The program will add users to an existing DBM database, so it can be used to merge multiple htpasswd files. If you give users from different files different groups, you will be able to set up access restrictions on a group-by-group basis, and manage all your users in one database. Note that if there is already a user with the same username in the DBM file it will be overwritten by the new information.

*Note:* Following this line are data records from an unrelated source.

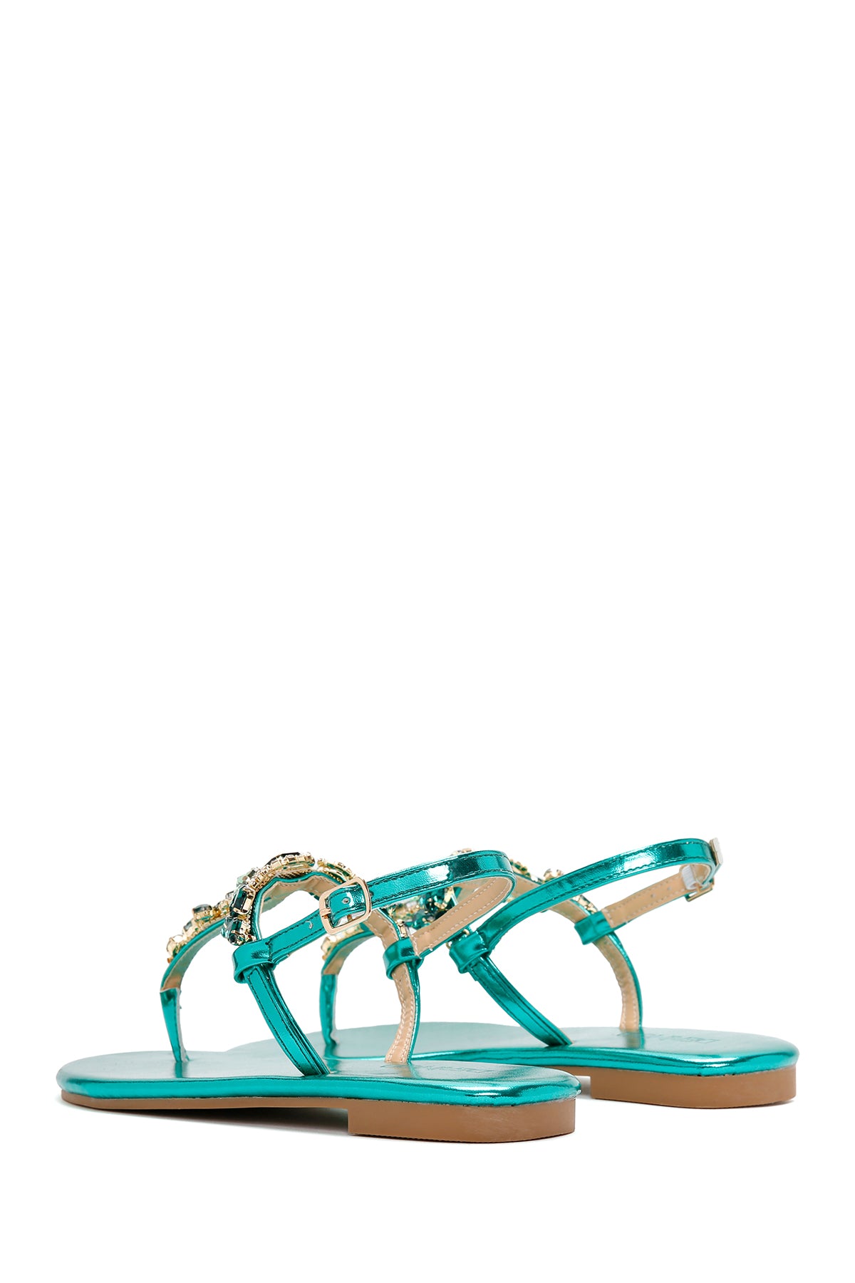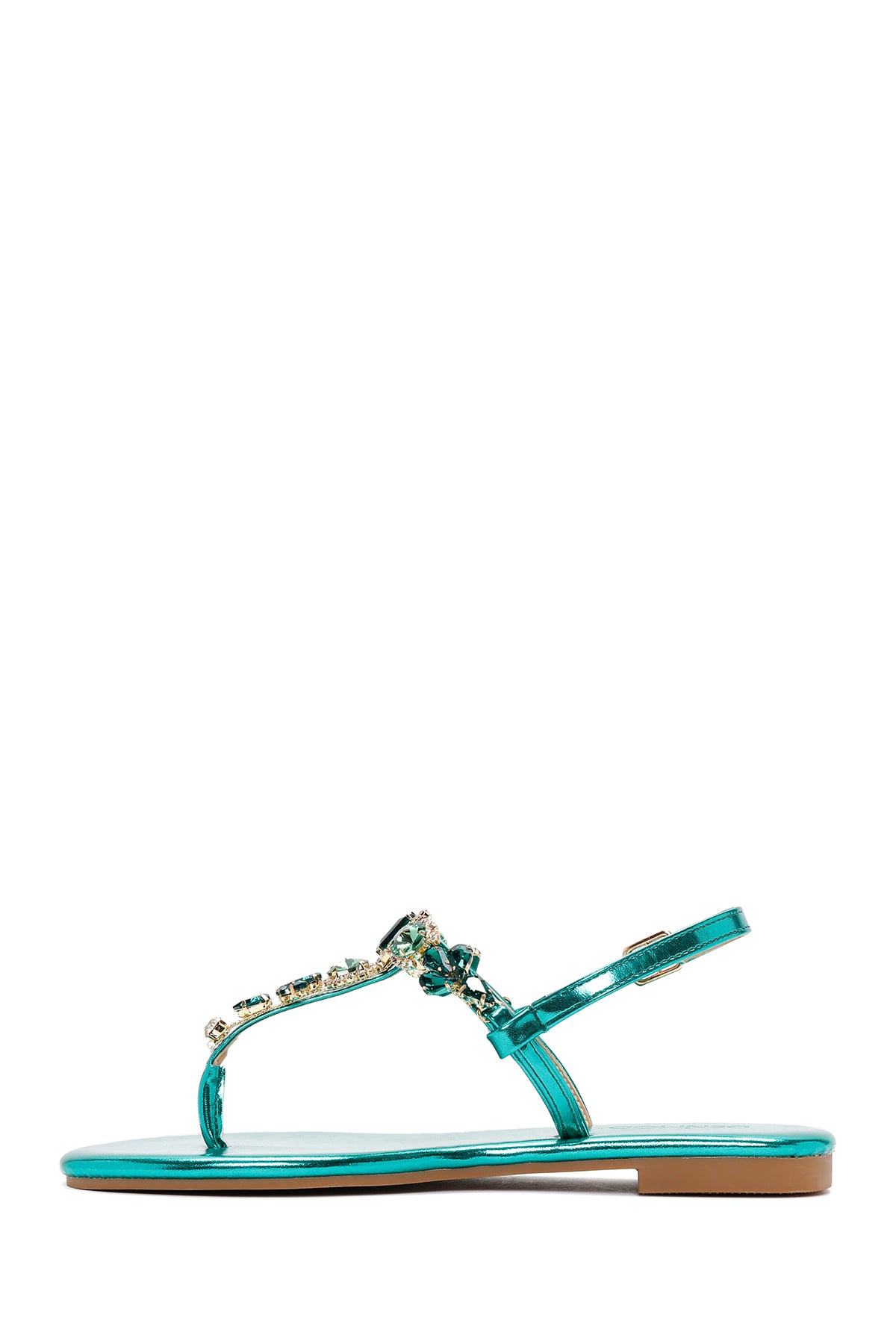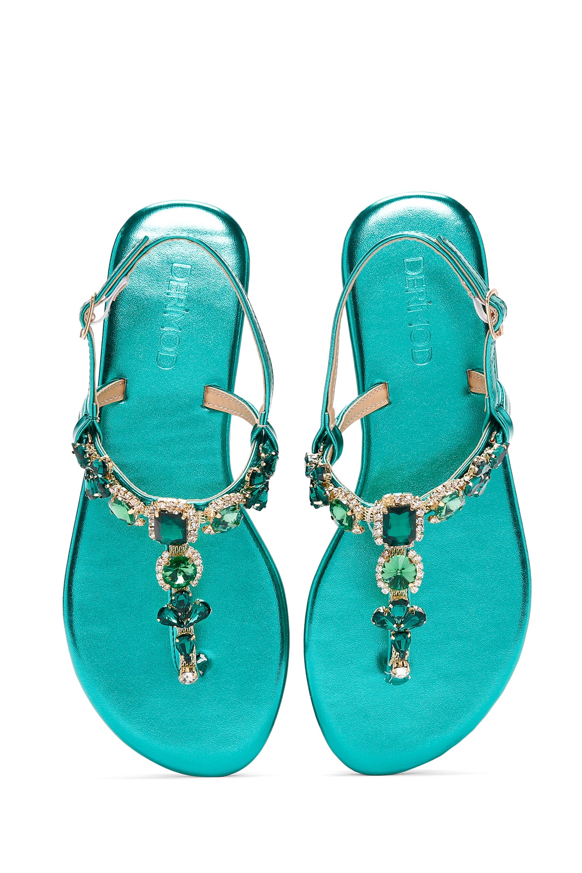Kadın Yeşil Bilekten Bantlı Taşlı Sandalet
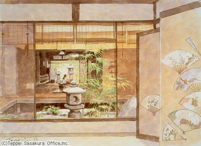 🌟原画(#アクリル淡彩)を展示中 笹倉鉄平 Teppei Sasakura 『坪庭のある暮らし~Machiya Life in Summer~』 2009年 #日本🇯🇵 #京都 笹倉鉄平ちいさな絵画館 kaigakan-teppei.net #笹倉鉄平 #アート #アート好きな人と繋がりたい #京都好きな人と繋がりたい #町家好きな人と繋がりたい #町家
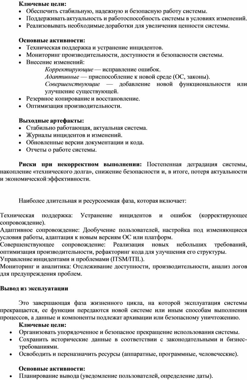 Цель — управление модификациями, поддержание текущего состояния и функциональной пригодности продукта.
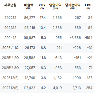 2022년부터 현재까지의 수익성과 재무 상태는 회복세를 보이고 있으며, 2026년과 2027년의 예상 실적은 긍정적인 방향으로 나아갈 것으로 보입니다. 그러나 2024년에는 실적이 악화되었으며, 2025년의 흐름에 따라 불확실성이 존재합니다. |
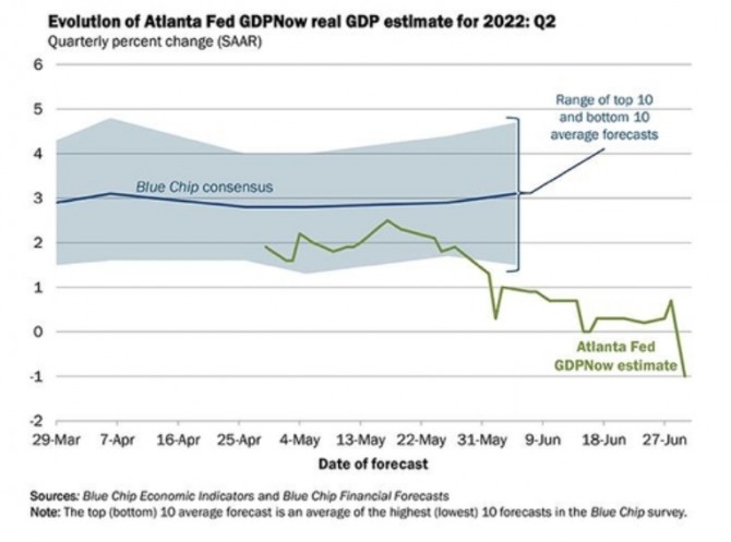1일 뉴욕증시에 따르면 미국 애틀랜타 연방준비은행(연은)이 추적하는 국내총생산(GDP) 전망치가 2분기 마이너스 대로 떨어졌다. 이같은 사실은 애틀랜타 연은 홈페이지에 공개됐다. 애틀랜타 연은의 GDP 나우 모델로 추정한 미국의 2분기 실질 GDP 성장률(계절조정치) 전망치는 이날 기준 -1.0%로 나타났다.지난 1분기 GDP 성장률 확정치 -1.6%에 이어 두 개 분기 연속 GDP가 마이너스를 기록할 것으로 예상한 것이다. 6월 27까지만 해도 GDP는 0.3% 증가한 상태였다. 뉴욕증시에서는 분기 성장률이 2개 분기 연속 마이너스를 기록할 경우 기술적 '경기 침체'로 판단한다.
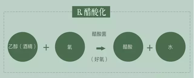 此时的醋酸菌不需培植,而是仰赖原来就存在于空气中的醋酸菌。乙醇氧化为醋酸是放热的过程,氧气在液体中溶解量低,所以提供氧气量的多寡决定了醋酸的产量。也因此,发展出各家酿造时增加供氧量的诀窍办法,例如用搅拌、曝淋或直接输入氧气,好空气的重要性便在此处彰显!
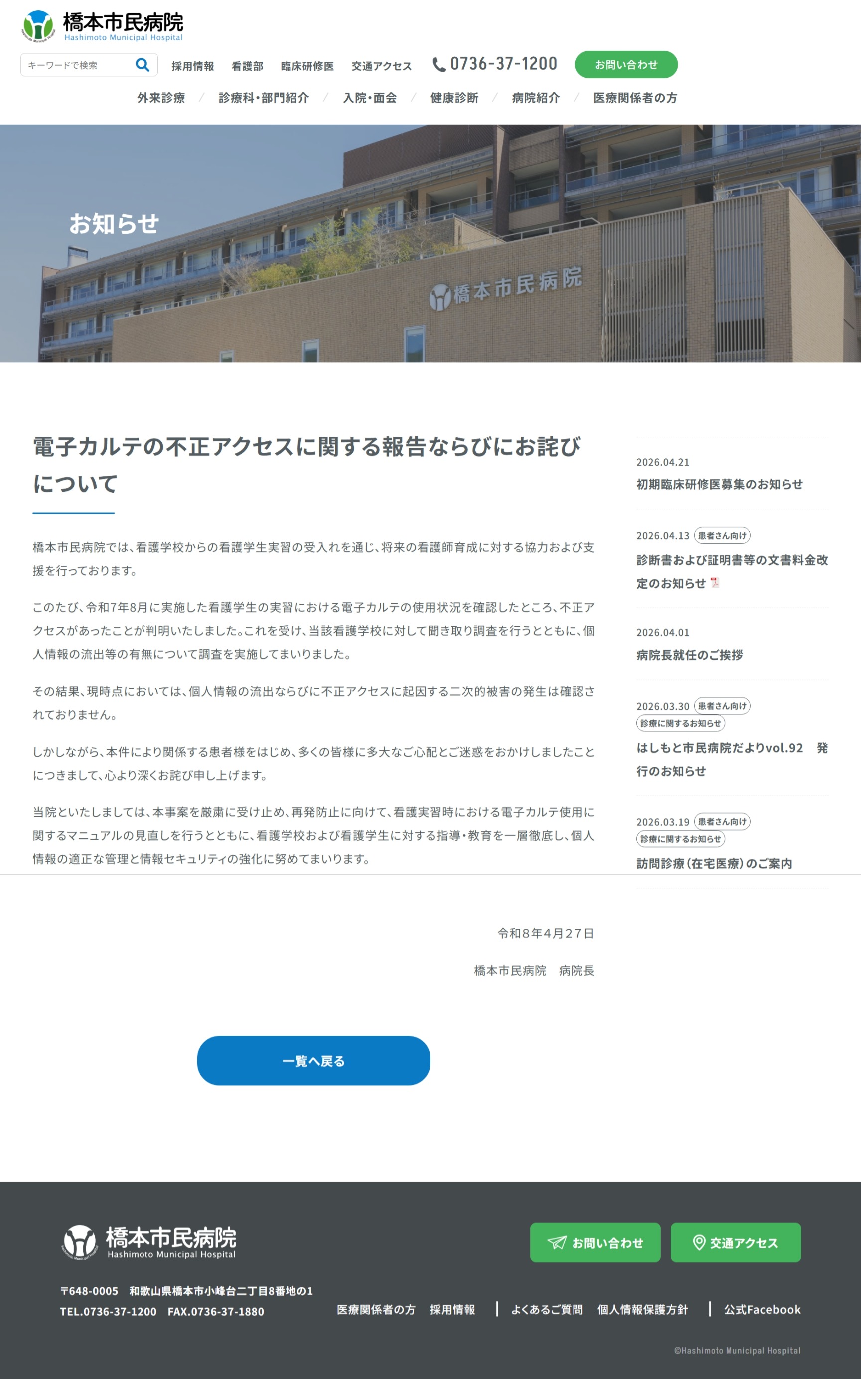 電子カルテの不正アクセスに関する報告ならびにお詫びについて|橋本市民病院
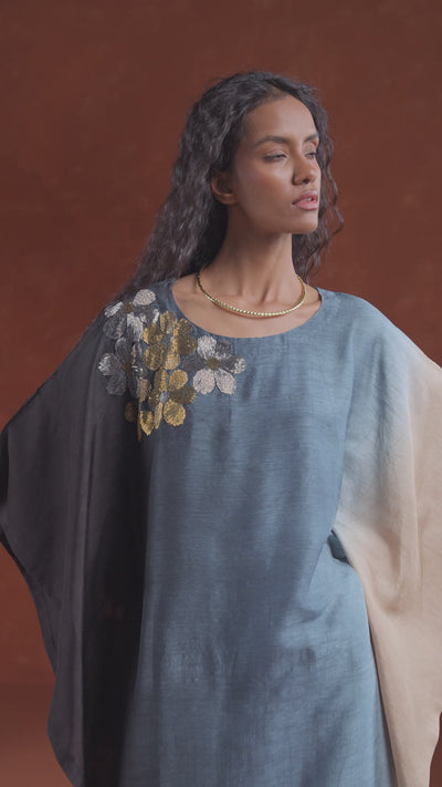 This ombré kaftan set is crafted from luxurious raw silk, showcasing a seamless gradient from deep blue to cream. The neckline is adorned with intricate cut dhana and delicate handwork, adding a touch of artisanal elegance. Its flowing silhouette and rich texture make it a perfect blend of tradition and contemporary style.
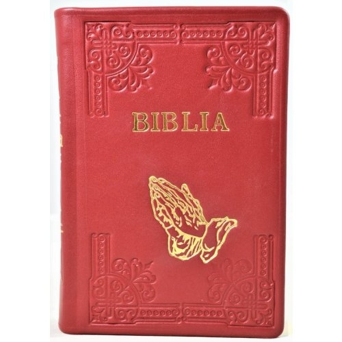 Biblia din piele, handmade, marime medie, rosie, margini aurii, index, simbol maini, cuv. lui Isus cu rosu [052 HMI]
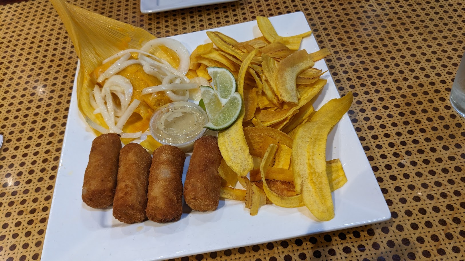 Then I got the Combo Criollo (4 ham croquettes, one cuban tamal and mariquitas). These croquettes were oh so ooey gooey and very crispy on the outside, not too oily. The tamal was very soft and not dry at all, a subtle flavor throughout paired with the bite of that onion, very good. And then the mariquitas were fun, always fun. Crispy. Save them to eat with every other aspect of your meal.
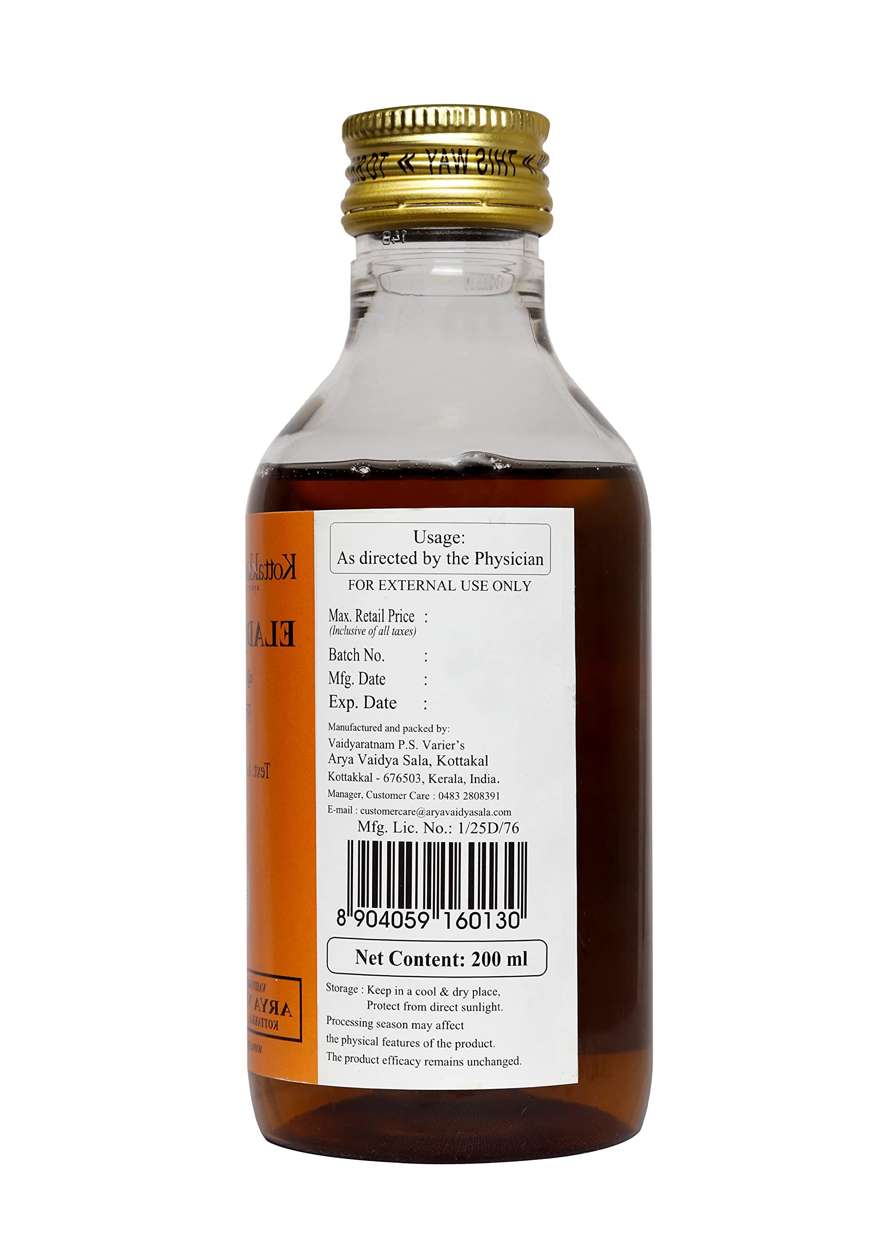 Kottakkal ayurveda Eladi Tailam - 200 ml Herbal Oil For Hair & Skin With Natural Ingredients
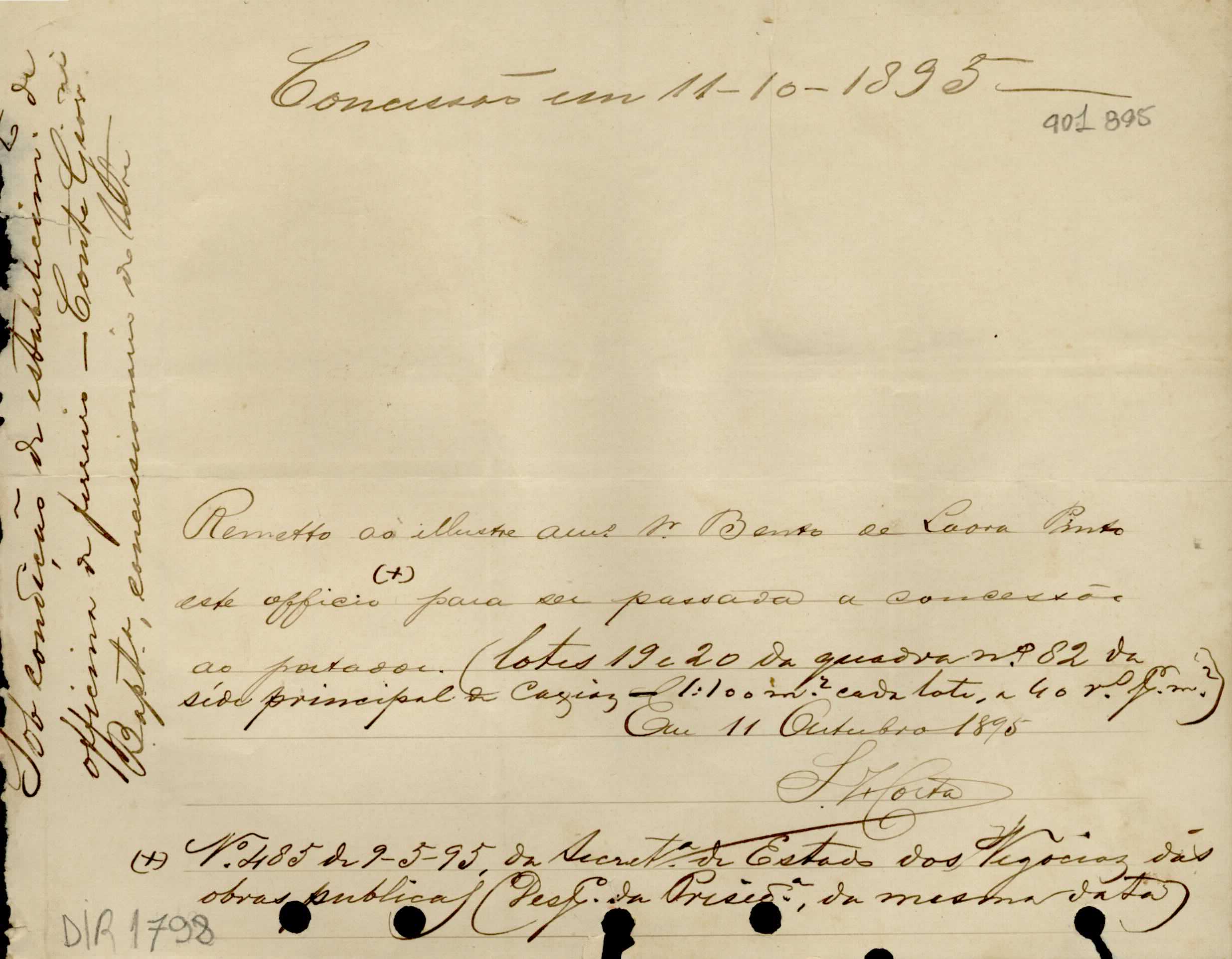 De Sebastião Horta - Comissão do Governo do Estado - Caxias, para Bento de Lavra Pinto - Encarregado dos serviços da Comissão de Terras. Assunto: comunica envio de ofício para passar concessão a Conte Giovanni Batista.

Group information stored in a DBM file as part of the value. If no group information is stored, the key associated with a username just consists of the encrypted password. To store group information, the encrypted password is followed by a colon, then a list of groups that the user is in, each separated by a comma. So a typical key might look like this:

  E7yT67YGht65:admin,staff

A program written in perl can easily extract the group information, for example:

  $value = $DBM{$key};
 ($enc, $groupfield) = split(/:/, $value);
 @groups = split(/,/, $groupfield);

It is also possible to store additional information in the DBM file, by following the groups list with a colon. Apache will ignore any data after a colon following the groups list, so it could be used, for example, to store the real name and contact details for the user, and an expiry date. This could be stored in the DBM like this:

  $DBM{$key} = join(":", $enc, join(",", @groups),
                          $realname, $company, $emailaddr,
                          $expdate);

Keeping all the user information together in a database like this, which Apache can also use for user authentication, can make administering a site with many users simpler.